Whatever writer of fiction I get hung up on at any given time is a totally random process; someone says, "I'll bet you would like the Thomas Covenant series, it's really well-written," and so I read that. Someone else recommends Henry James, and though I've read and re-read his stuff before, I read it again. I find an old novel that was set aside several years ago by my friend's deceased partner, with her bookmark still in it, even; I read that. 

I just read whatever is there, a lot of the time even if it's NOT well-written, just to read. If I'm at someone else's house (especially if I'm bored with whatever's going on there) I'll read the stuff that person has lying out, that he/she has been reading. 

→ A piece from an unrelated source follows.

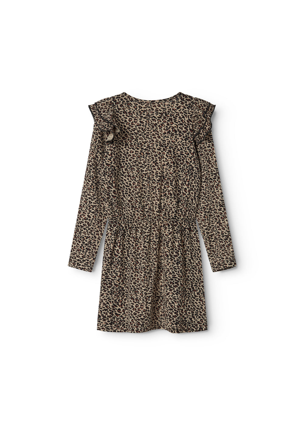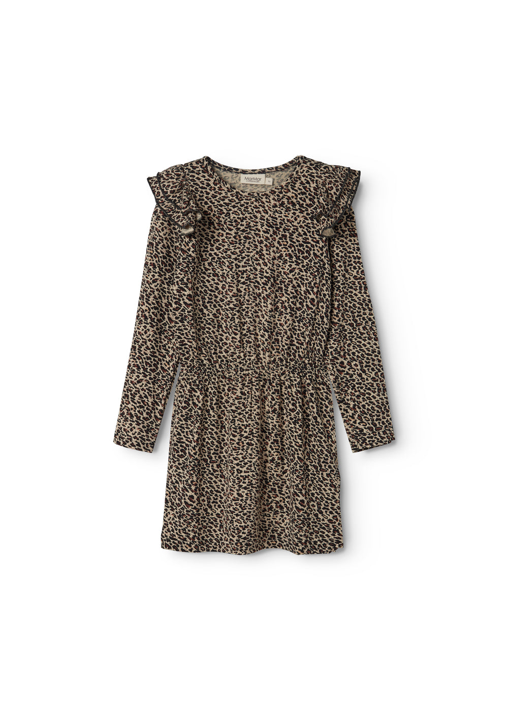 Dress with ruffles on the shoulder, elastic waist and long sleeves. The length of the dress goes above the knee.

Last summer I had a sort of goal to read everything that Joyce Carol Oates has written, but that project sort of fell by the wayside what with the "angry villagers with their pitchforks and torches" scene that I had to deal with.  I think that Oates is a combination of a heavy literary-style writer AND a storyteller... which sort of answers your question, in a roundabout way, I suppose! lol


----------



## KrisMunro (Dec 1, 2010)

I'm pretty picky with my reading. I'm usually one of those 'if I start it, I have to finish it' types. And I get stuck reading things like the Twilight series. There are times when I'm staying with family, and I pick up an god-awful book. I mean.. it looks good, because the owner has the entire series, and several other series' from the same author. It must be good.. and I start reading, and end up praying, hoping that it gets better, or that I'll die before I have to turn another page.

I just don't know how books like the True Blood series get published. Sure, some might argue that it's a popular theme.. but it's poorly written. I truly did enjoy both the Twilight series and the True Blood series.. because I like the vampire side of things. It allows me to forgive much.. but I still know that they're both poorly written. Anne Rice did a much better job, despite the fact that I cannot get past a certain book with more homosexual activity than I can handle. I've tried twice now... I don't have nightmares about vampires anymore..

So there is something to say about writing the right story for the time, and being able to tell a good story; more so than the ability to write it well.


----------